» Assigned task:
In the data below, begin at the line with "SEM images (a,c)" and stop after the line with "Bộ trưởng Phan"; output those lines exactly and no pictures.

Collected data
________

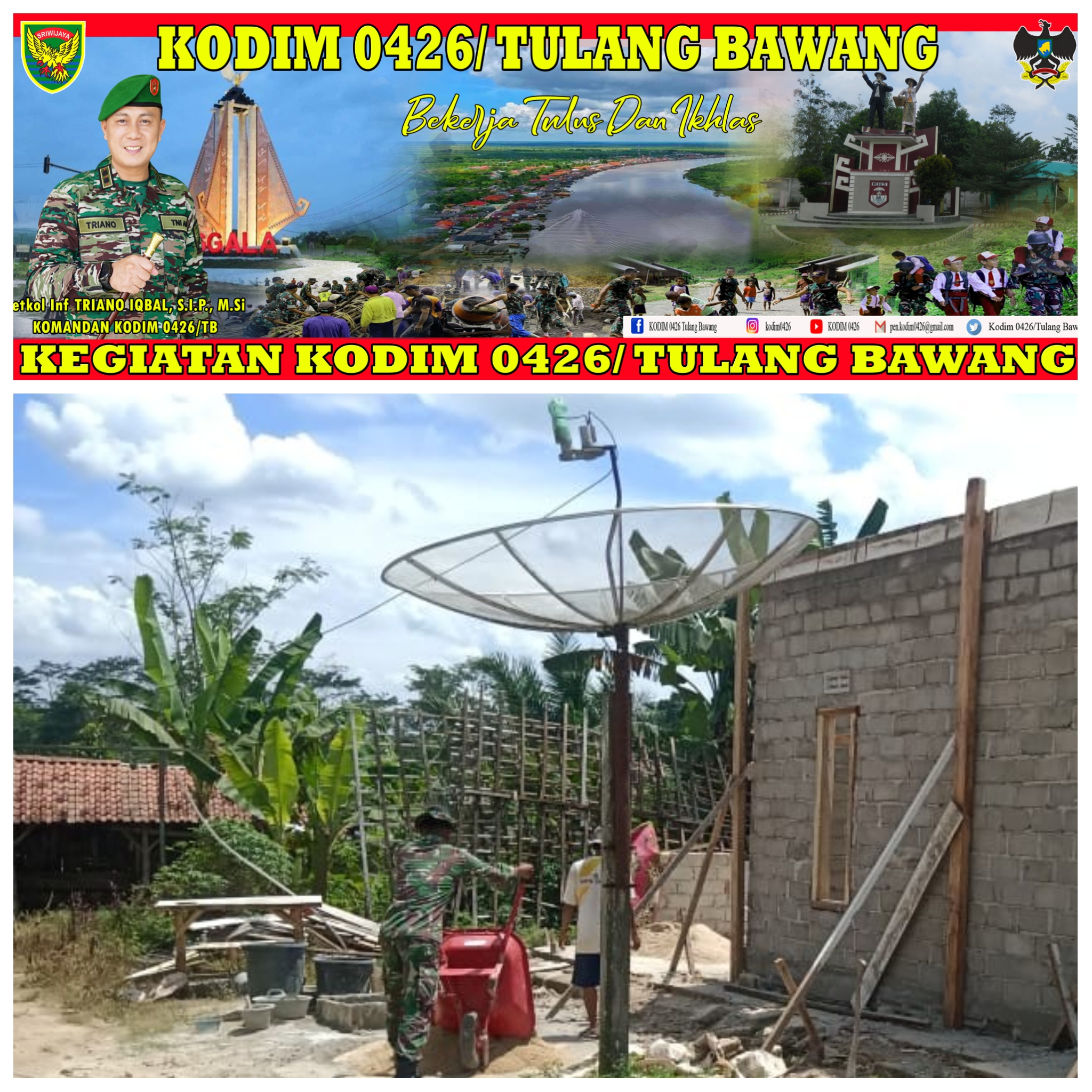 KODIM 0426/TB- Gedung Aji Baru (Tulang Bawang) – Dalam rangka menjalin kebersamaan dengan warga di desa binaan, Babinsa Koramil 426-04 Banjar Agung, Kodim 0426 Tulang Bawang, Serda Sutrino Wibowo membantu warga dalam pembuatan rumah warga di Kampung Batu Ampar, Kecamatan Gedung Aji Baru Kabupaten Tulang Bawang, Minggu 12 Maret 2023.
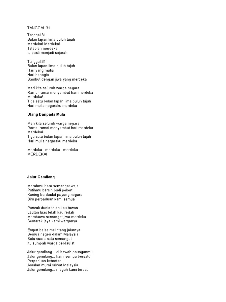 Lirik Lagu Jalur Gemilang Merahmu Bara Semanagat Waja Putihmu Bersih Budi Pekerti Kuning Berdaulat Paying
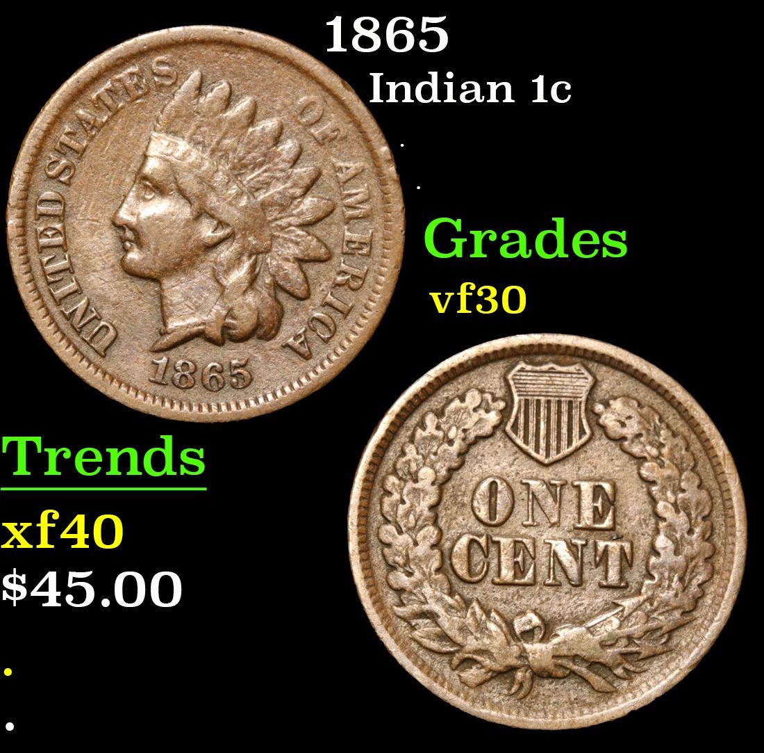 1865 . . Indian Cent 1c Grades vf++.
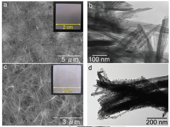 SEM images (a,c) and TEM images (b,d) of the sodium titanate nanofiber thin film [(a,b)] and the silver nanoparticle/silver titanate nanofiber thin film [(c,d)]. Insets within these images are photographs captured using a digital camera [44]. Reprinted with permission from Ref. [44] (open access). Copyright 2013 Hindawi.
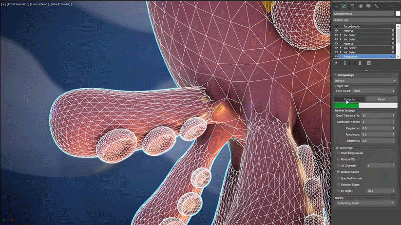 A clean 3D topology is key to achieving professional results. When a model's vertices, edges, and faces are better organized, animations will appear much more fluid and rendering will require less memory. Poorly-optimized meshes can also create visual artifacts as well as problems when applying modifiers. Using the Retopology Tools for 3ds Max, you can quickly correct many common problems introduced by a less than optimal mesh.
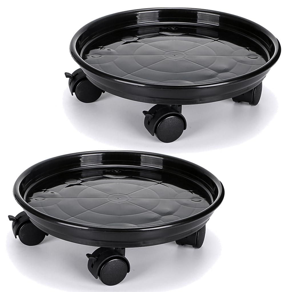 UISEBRT 2er Set Blumenroller Pflanzenwagen, rund 30 cm, schwarz, mit Kunststoff-PU-Rädern x4, Pflanzenträger, Blumenwagen, für Terrasse und Garten
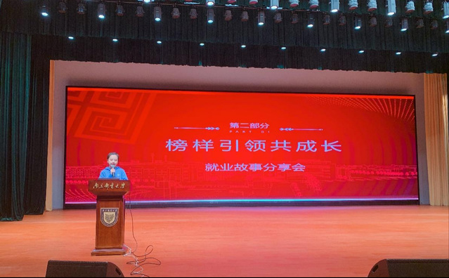 沈扬子同学目前签约中国移动公司,她和大家分享了自己在求职过程中的心得。由于疫情的反复,目前的就业形势是比较严峻的,也带来了不小的竞争,她建议同学们要认清局势,做好充足的准备去应对挑战,多方位考虑问题,认清自己的能力和个性,总结自己的优点和竞争力,为自己的人生做出选择并勇敢面对,在挑战中不断成长。
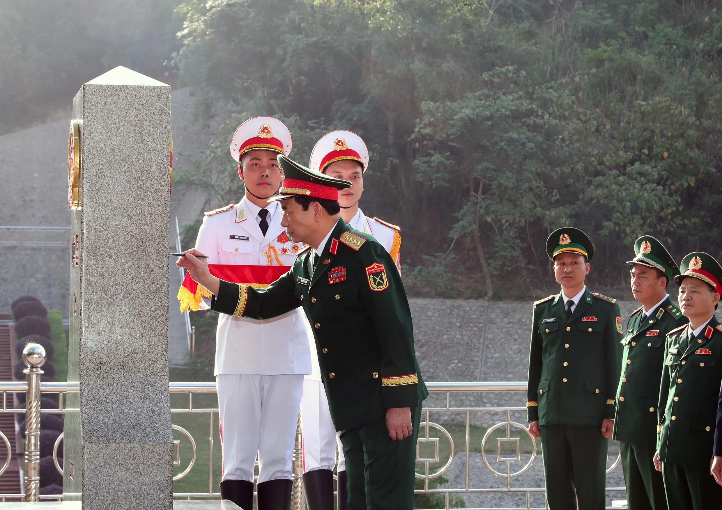 Bộ trưởng Phan Văn Giang tô son cột mốc chủ quyền quốc gia bên phía Việt Nam
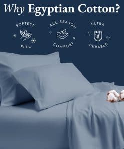 Obtenga el premio de Buena Casa de lujo ganador Con el sello de autenticidad, nuestras sábanas azules Full están fabricadas con el mejor algodón de fibra larga para obtener una tela lisa y duradera que soporta las arrugas y se mantiene prístina con el tiempo. Estas sábanas livianas son amadas por su tacto suave y durabilidad. Mantienen su suavidad lujosa sin apelmazamiento o encogimiento, incluso después de lavados frecuentes a máquina. Experimente un soporte excepcional de nuestro dedicado equipo de atención al cliente con cada compra.
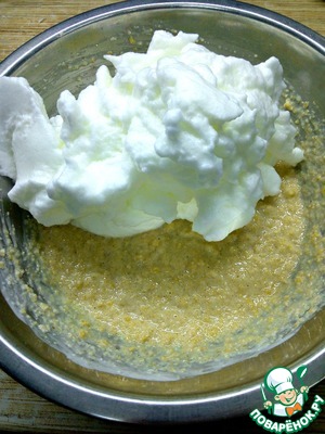 Белки взбить до крепких пиков и аккуратно, лопаткой вмешать белки в тесто.
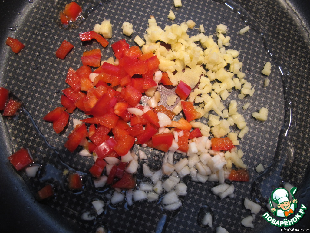 Имбирь, чеснок и перец очистить и нарезать мелкими кубиками.
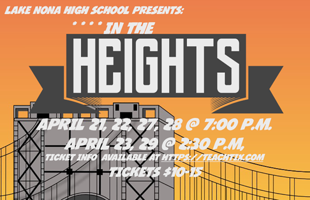 So save the date and come see In the Heights at the Lake Nona High School Auditorium. The show will run April 21, 22, 27 and 28 at 7 p.m. and April 23 and 29 at 2:30 p.m. Parking is free, and ticket prices start at $10. For more ticket information, visit https://teachtix.com.
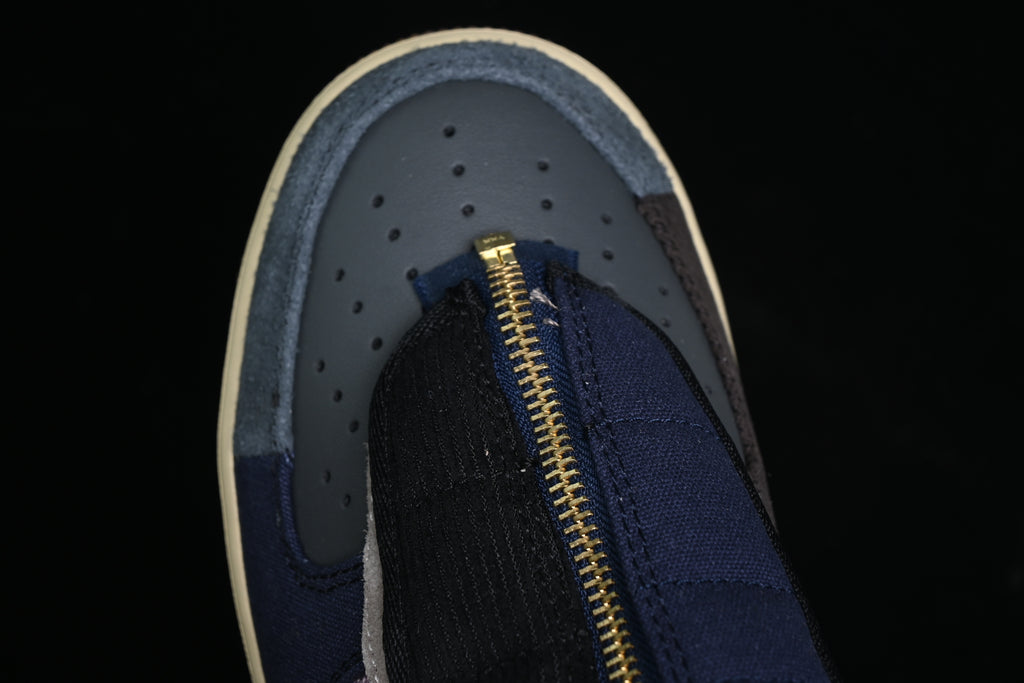 O Air Force 1 Low x Travis Scott "Cactus Jack" mistura materiais como lona, camurça e couro em um design patchwork ousado, que traduz a estética única do rapper. Cada detalhe carrega personalidade, desde os tons terrosos e contrastantes até o zíper removível que cobre o cadarço, reforçando a exclusividade do modelo.

________

» Expected answer:
 SEM images (a,c) and TEM images (b,d) of the sodium titanate nanofiber thin film [(a,b)] and the silver nanoparticle/silver titanate nanofiber thin film [(c,d)]. Insets within these images are photographs captured using a digital camera [44]. Reprinted with permission from Ref. [44] (open access). Copyright 2013 Hindawi.
 A clean 3D topology is key to achieving professional results. When a model's vertices, edges, and faces are better organized, animations will appear much more fluid and rendering will require less memory. Poorly-optimized meshes can also create visual artifacts as well as problems when applying modifiers. Using the Retopology Tools for 3ds Max, you can quickly correct many common problems introduced by a less than optimal mesh.
 UISEBRT 2er Set Blumenroller Pflanzenwagen, rund 30 cm, schwarz, mit Kunststoff-PU-Rädern x4, Pflanzenträger, Blumenwagen, für Terrasse und Garten
 沈扬子同学目前签约中国移动公司,她和大家分享了自己在求职过程中的心得。由于疫情的反复,目前的就业形势是比较严峻的,也带来了不小的竞争,她建议同学们要认清局势,做好充足的准备去应对挑战,多方位考虑问题,认清自己的能力和个性,总结自己的优点和竞争力,为自己的人生做出选择并勇敢面对,在挑战中不断成长。
 Bộ trưởng Phan Văn Giang tô son cột mốc chủ quyền quốc gia bên phía Việt Nam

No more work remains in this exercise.